• **TASK DIRECTIONS**:
Beginning with the line that contains "Krásný 4pokojový byt" and ending with the line that contains "Sofá Retrátil E", reproduce the lines of the entries below exactly, omitting pictures.
··· THE DATA
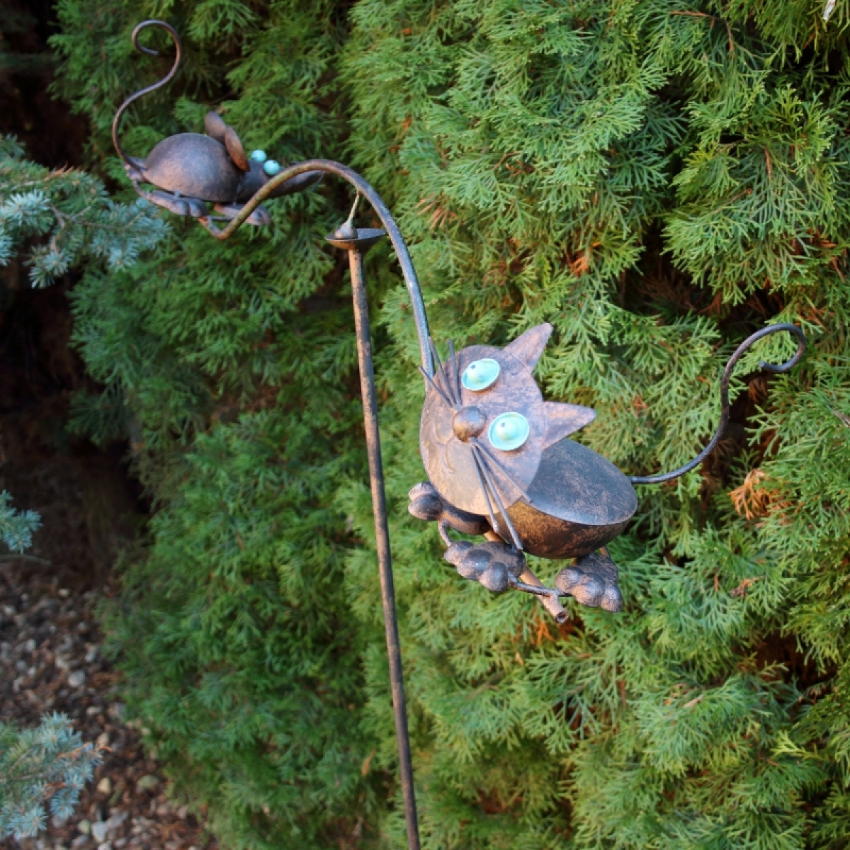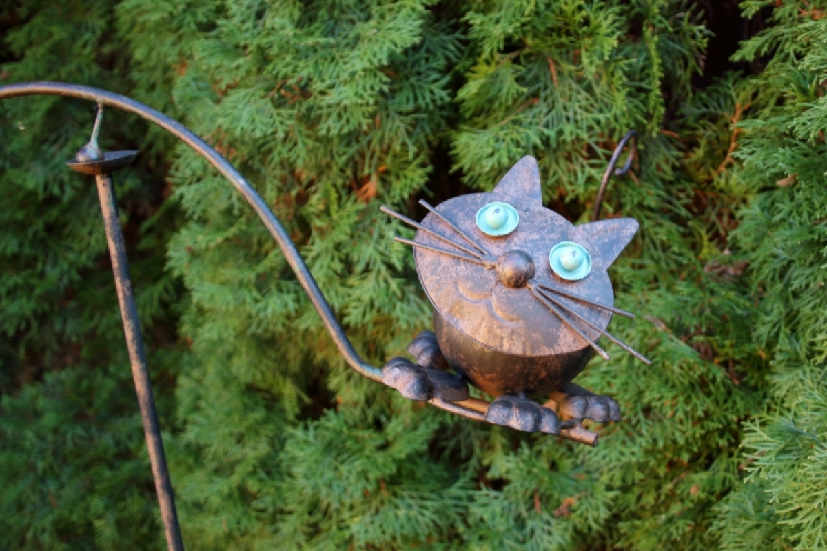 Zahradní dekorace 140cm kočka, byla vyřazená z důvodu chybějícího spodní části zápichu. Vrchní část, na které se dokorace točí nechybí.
······
··· THE DATA
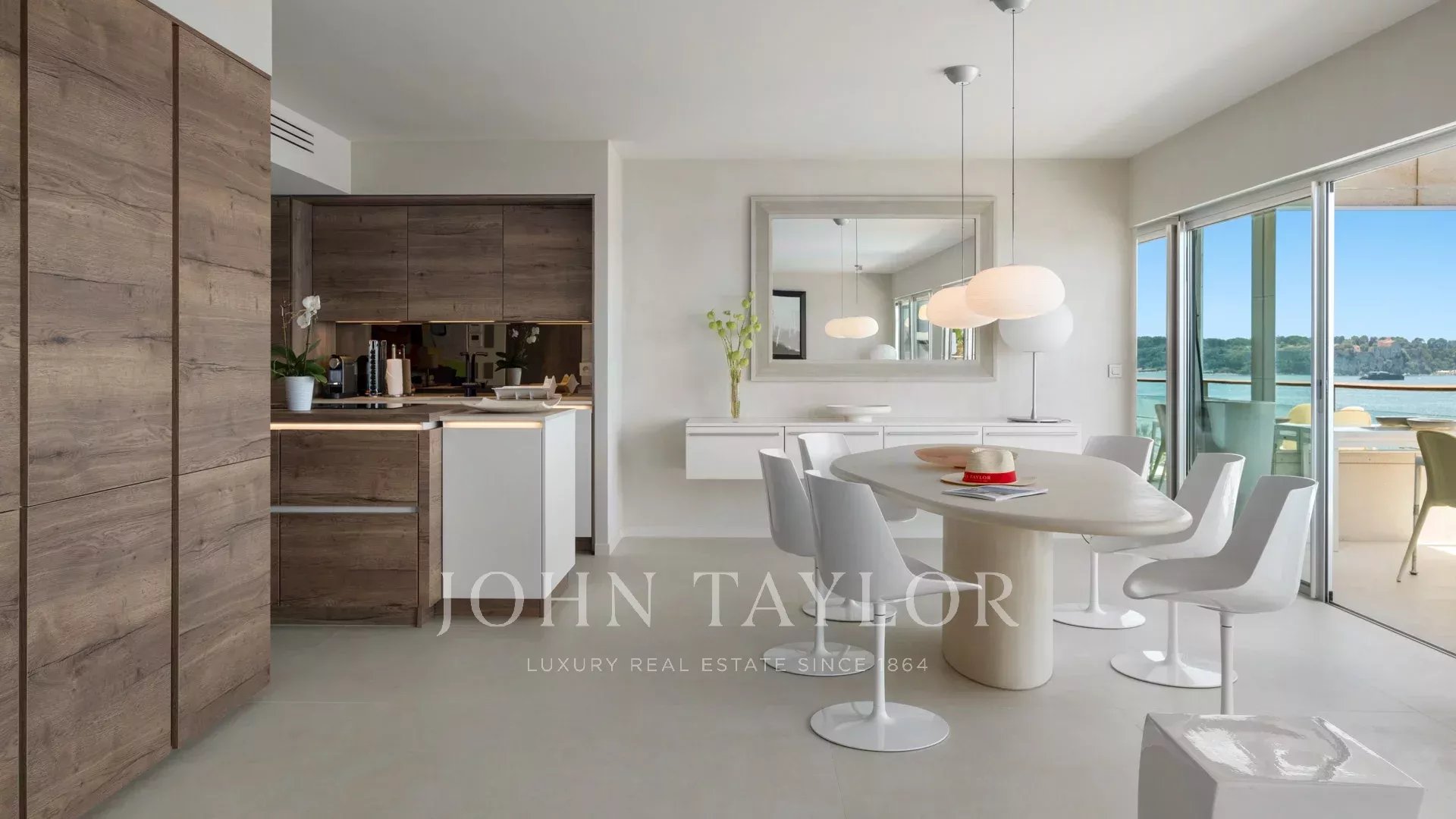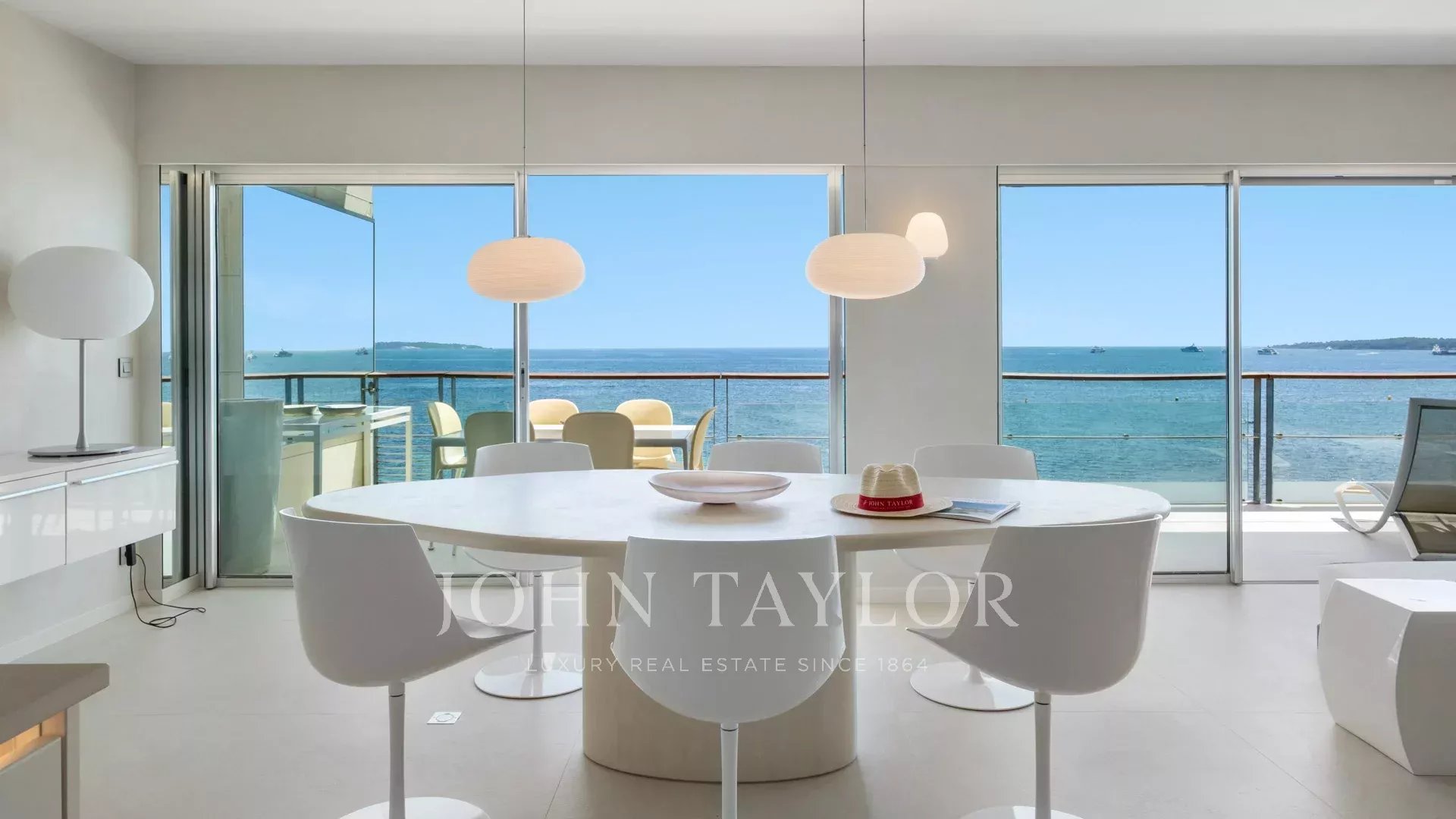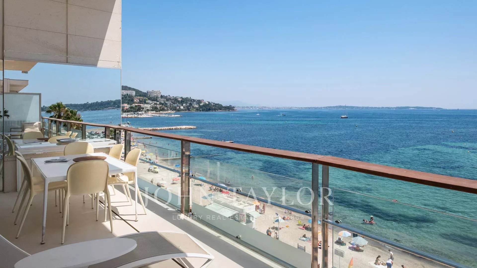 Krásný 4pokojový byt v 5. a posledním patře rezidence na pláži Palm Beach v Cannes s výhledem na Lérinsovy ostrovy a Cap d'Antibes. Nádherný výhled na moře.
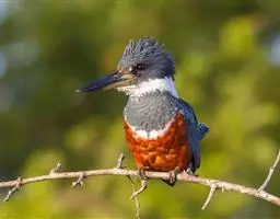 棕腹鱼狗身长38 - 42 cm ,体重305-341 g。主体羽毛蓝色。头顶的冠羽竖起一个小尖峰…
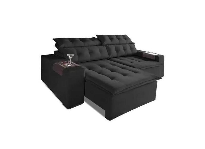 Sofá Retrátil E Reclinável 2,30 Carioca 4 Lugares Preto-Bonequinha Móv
······
··· THE DATA
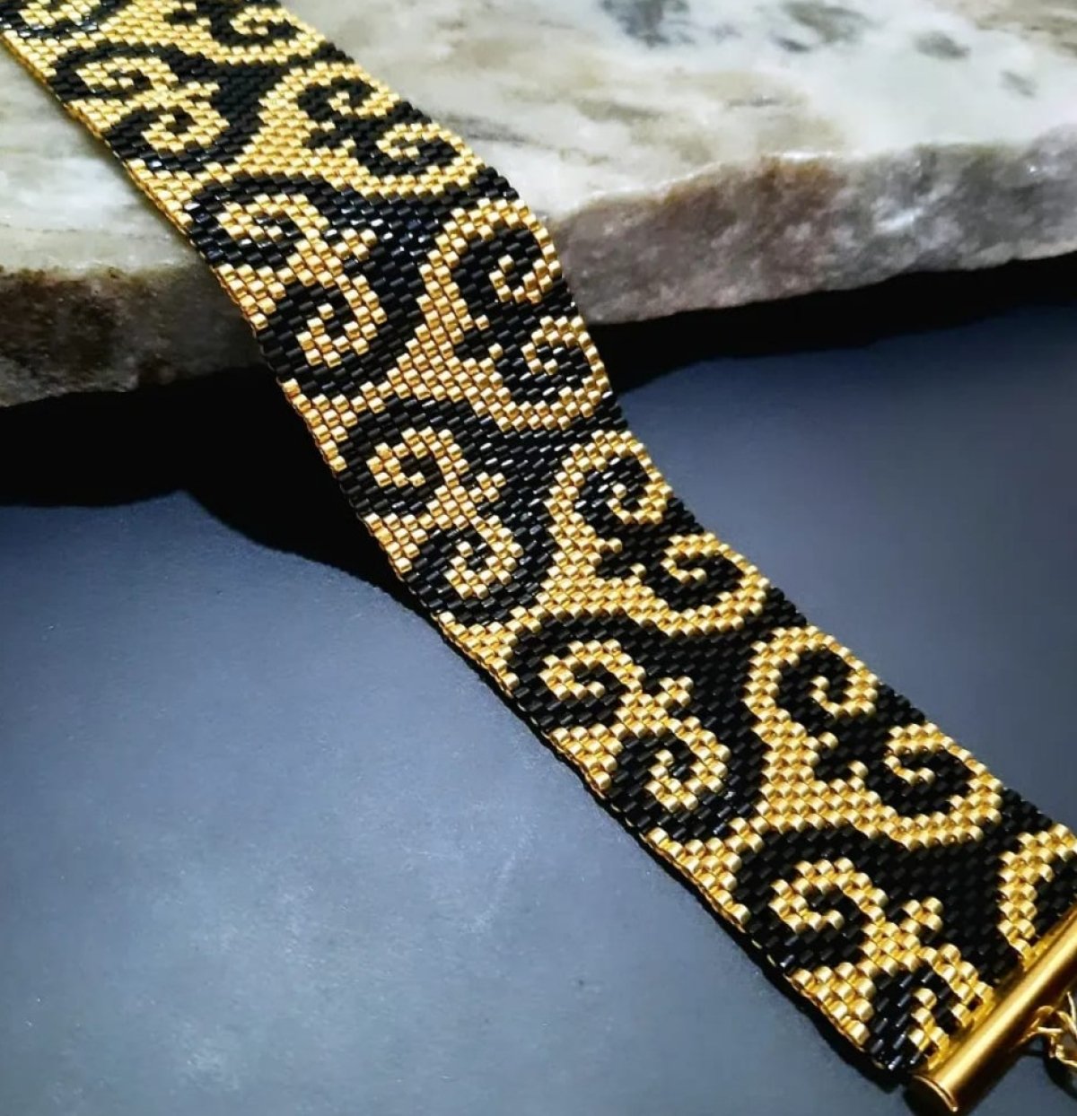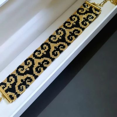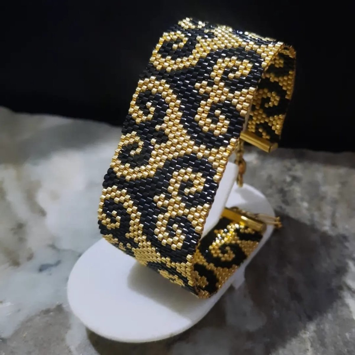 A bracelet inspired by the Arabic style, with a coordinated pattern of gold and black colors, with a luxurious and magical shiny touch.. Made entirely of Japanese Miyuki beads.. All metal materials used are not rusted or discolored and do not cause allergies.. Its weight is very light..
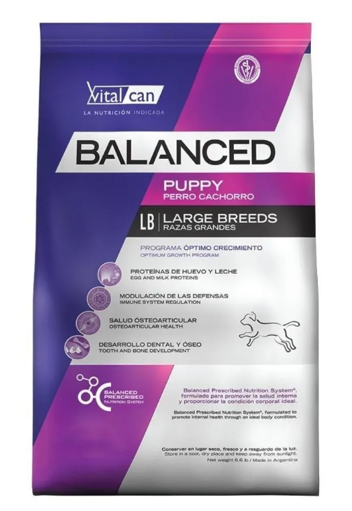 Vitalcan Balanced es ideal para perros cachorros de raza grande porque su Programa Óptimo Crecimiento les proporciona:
······
• **SOLUTION**:
 Krásný 4pokojový byt v 5. a posledním patře rezidence na pláži Palm Beach v Cannes s výhledem na Lérinsovy ostrovy a Cap d'Antibes. Nádherný výhled na moře.
 棕腹鱼狗身长38 - 42 cm ,体重305-341 g。主体羽毛蓝色。头顶的冠羽竖起一个小尖峰…
 Sofá Retrátil E Reclinável 2,30 Carioca 4 Lugares Preto-Bonequinha Móv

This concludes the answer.